On 12/04/2024 15:06, Lucas De Marchi wrote:
On Fri, Apr 12, 2024 at 12:31:45PM +0100, Matthew Auld wrote:
The asid is only erased from the xarray when the vm refcount reaches
zero, however this leads to potential UAF since the xe_vm_get() only
I'm not sure I understand the call chain an where xe_vm_get() is coming
into play here.
works on a vm with refcount != 0. Since the asid is allocated in the vm
create ioctl, rather erase it when closing the vm, prior to dropping the
potential last ref. This should also work when user closes driver fd
without explicit vm destroy.
what seems weird is that you are moving it earlier in the call stack
rather than later, outside of the worker, to prevent the UAF.

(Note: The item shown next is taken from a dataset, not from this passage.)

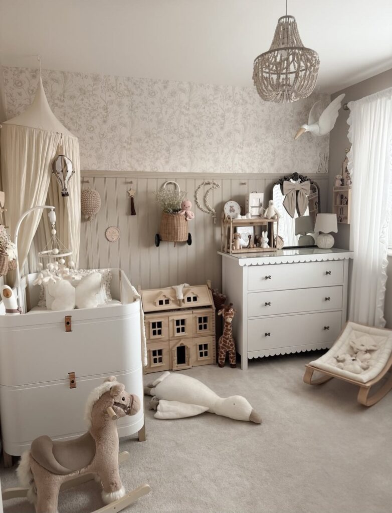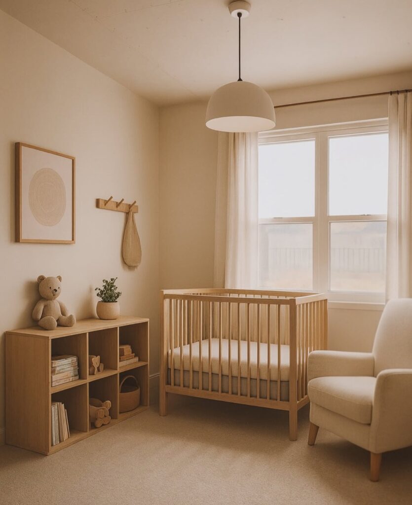 Warm taupes, sandy beiges or even elevated greys are wonderful options that are warm and ideally positioned in any nursery, no matter the aspect of the room.

what exactly was the UAF on?
UAF on the vm object. From the bug report it's when servicing some GPU
fault, so inside handle_pagefault(). At this stage it just has some asid
which is meant to map to some vm AFAICT. The lookup dance relies on
calling xe_vm_get() after getting back the vm pointer from the xarray.
Currently the asid is only erased from the xarray in
vm_destroy_work_func() which is long after the refcount reaches zero and
we are about to free the memory for the vm.
However xe_vm_get() is only meant to be called if you are already
holding a ref, so if the vm refcount is already zero it just throws an
error and continues on, and the caller has no idea. If that happens then
as soon as we drop the usm lock the memory can be freed and it's game
over. This looks to be what happens with the vm refcount reaching zero,
and the handle_pagefault() still being able to reach the
soon-to-be-freed vm via the xarray. With this patch we now erase from
the xarray before we drop what is potentially the final ref. That way if
you can reach the vm via the xarray you should always be able get a
valid ref.
Lucas De Marchi
Fixes: dd08ebf6c352 ("drm/xe: Introduce a new DRM driver for Intel GPUs")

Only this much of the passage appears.